## DATASET EXTRACT
*** Begin section ***

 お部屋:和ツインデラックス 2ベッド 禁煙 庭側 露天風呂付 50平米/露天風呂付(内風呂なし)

*** End section ***
*** Begin section ***

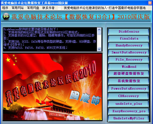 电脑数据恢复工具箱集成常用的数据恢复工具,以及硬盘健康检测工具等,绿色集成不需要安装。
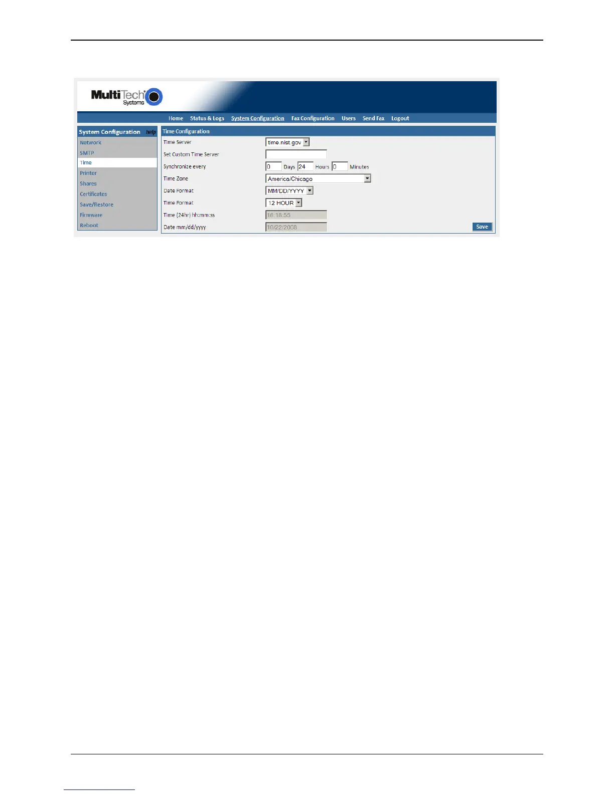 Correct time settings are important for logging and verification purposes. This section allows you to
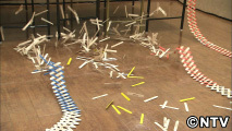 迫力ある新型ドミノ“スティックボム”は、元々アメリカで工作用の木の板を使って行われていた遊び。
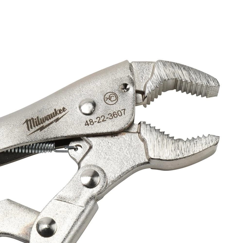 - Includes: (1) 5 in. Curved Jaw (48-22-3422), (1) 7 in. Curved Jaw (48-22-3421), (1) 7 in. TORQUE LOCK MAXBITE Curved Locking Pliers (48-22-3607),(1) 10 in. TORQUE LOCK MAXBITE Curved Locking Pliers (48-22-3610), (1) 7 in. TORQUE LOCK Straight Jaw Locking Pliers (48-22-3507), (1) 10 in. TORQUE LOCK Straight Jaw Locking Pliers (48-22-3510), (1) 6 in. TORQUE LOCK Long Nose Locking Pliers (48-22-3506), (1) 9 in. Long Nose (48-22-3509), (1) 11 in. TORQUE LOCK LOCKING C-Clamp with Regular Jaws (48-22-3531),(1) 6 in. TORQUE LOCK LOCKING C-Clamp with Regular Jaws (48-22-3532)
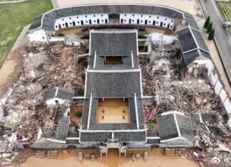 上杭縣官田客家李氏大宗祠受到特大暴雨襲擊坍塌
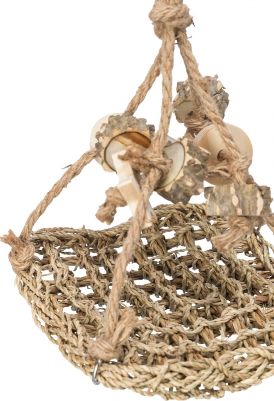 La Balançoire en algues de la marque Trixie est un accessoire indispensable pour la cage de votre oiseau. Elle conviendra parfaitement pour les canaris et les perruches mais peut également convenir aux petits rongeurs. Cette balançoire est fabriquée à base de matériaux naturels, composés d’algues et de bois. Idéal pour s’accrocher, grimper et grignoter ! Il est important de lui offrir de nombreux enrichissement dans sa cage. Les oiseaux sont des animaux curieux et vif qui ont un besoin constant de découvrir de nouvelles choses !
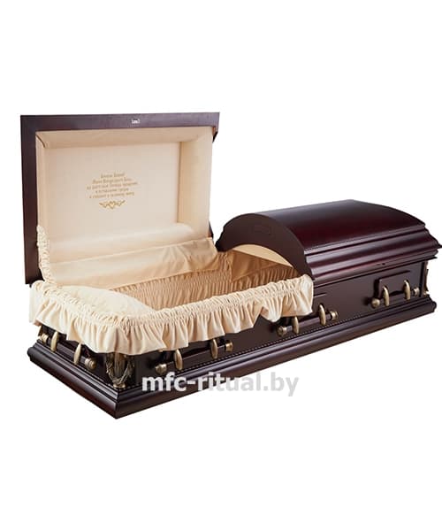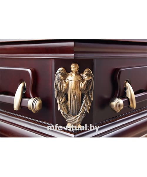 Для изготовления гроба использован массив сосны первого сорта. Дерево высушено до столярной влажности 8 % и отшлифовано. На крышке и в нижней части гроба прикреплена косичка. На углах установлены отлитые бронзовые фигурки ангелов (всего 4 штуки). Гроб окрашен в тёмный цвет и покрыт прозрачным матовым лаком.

*** End section ***
*** Begin section ***

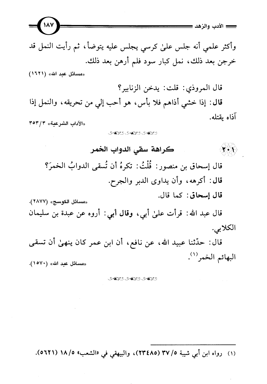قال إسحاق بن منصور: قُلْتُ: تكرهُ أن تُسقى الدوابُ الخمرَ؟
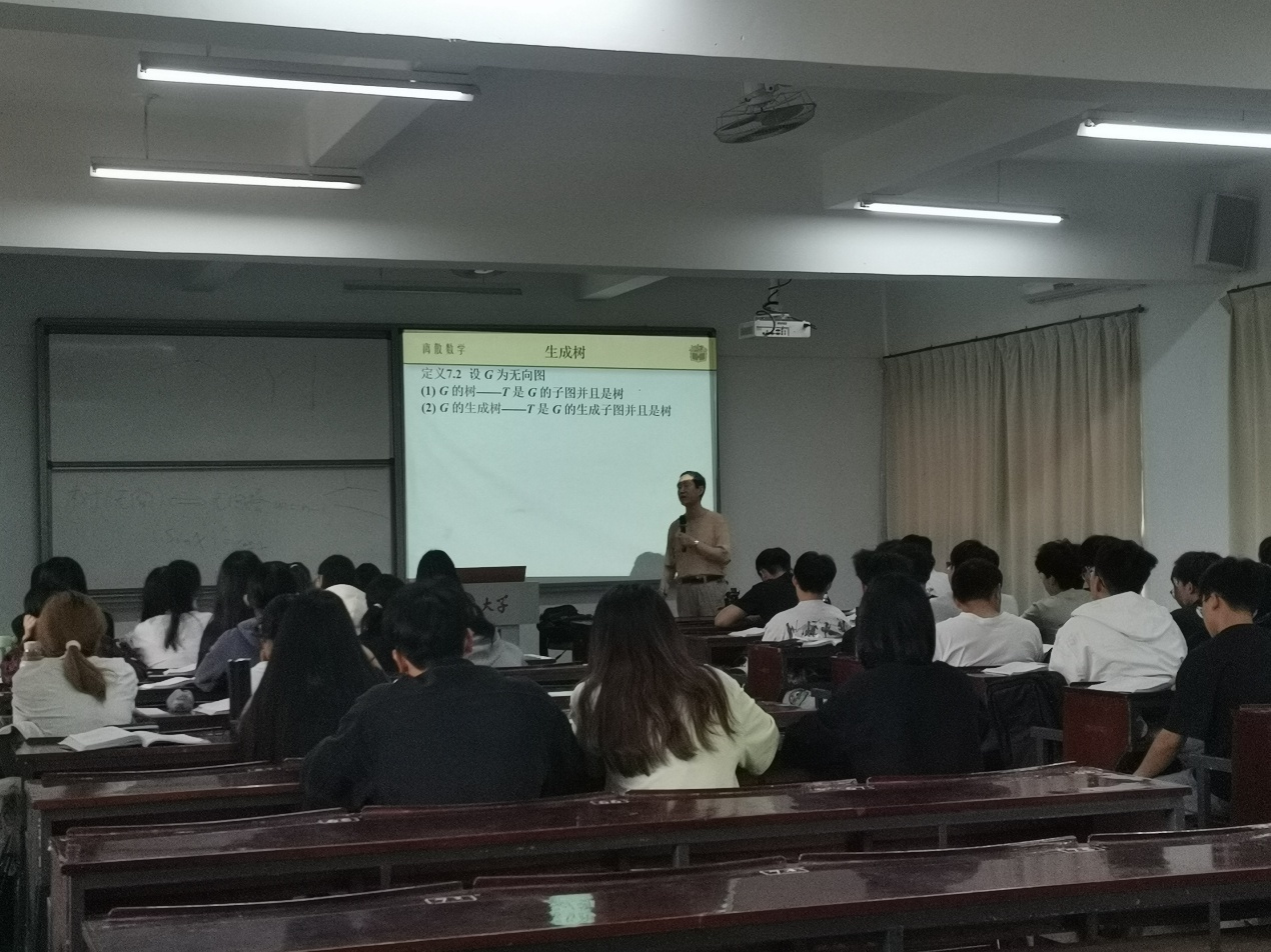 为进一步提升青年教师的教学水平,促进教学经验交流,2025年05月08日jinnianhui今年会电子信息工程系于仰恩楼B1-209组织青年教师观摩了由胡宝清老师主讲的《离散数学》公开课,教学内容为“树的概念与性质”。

*** End section ***

## TASK DIRECTIONS
If a picture sits between the line containing "- Includes: (1)" and the line containing "上杭縣官田客家李氏大宗祠受到特大暴雨襲擊坍塌", leave it out, and return the lines of that range above exactly, both ends included.

## ANSWER TO THIS TASK
 - Includes: (1) 5 in. Curved Jaw (48-22-3422), (1) 7 in. Curved Jaw (48-22-3421), (1) 7 in. TORQUE LOCK MAXBITE Curved Locking Pliers (48-22-3607),(1) 10 in. TORQUE LOCK MAXBITE Curved Locking Pliers (48-22-3610), (1) 7 in. TORQUE LOCK Straight Jaw Locking Pliers (48-22-3507), (1) 10 in. TORQUE LOCK Straight Jaw Locking Pliers (48-22-3510), (1) 6 in. TORQUE LOCK Long Nose Locking Pliers (48-22-3506), (1) 9 in. Long Nose (48-22-3509), (1) 11 in. TORQUE LOCK LOCKING C-Clamp with Regular Jaws (48-22-3531),(1) 6 in. TORQUE LOCK LOCKING C-Clamp with Regular Jaws (48-22-3532)
 上杭縣官田客家李氏大宗祠受到特大暴雨襲擊坍塌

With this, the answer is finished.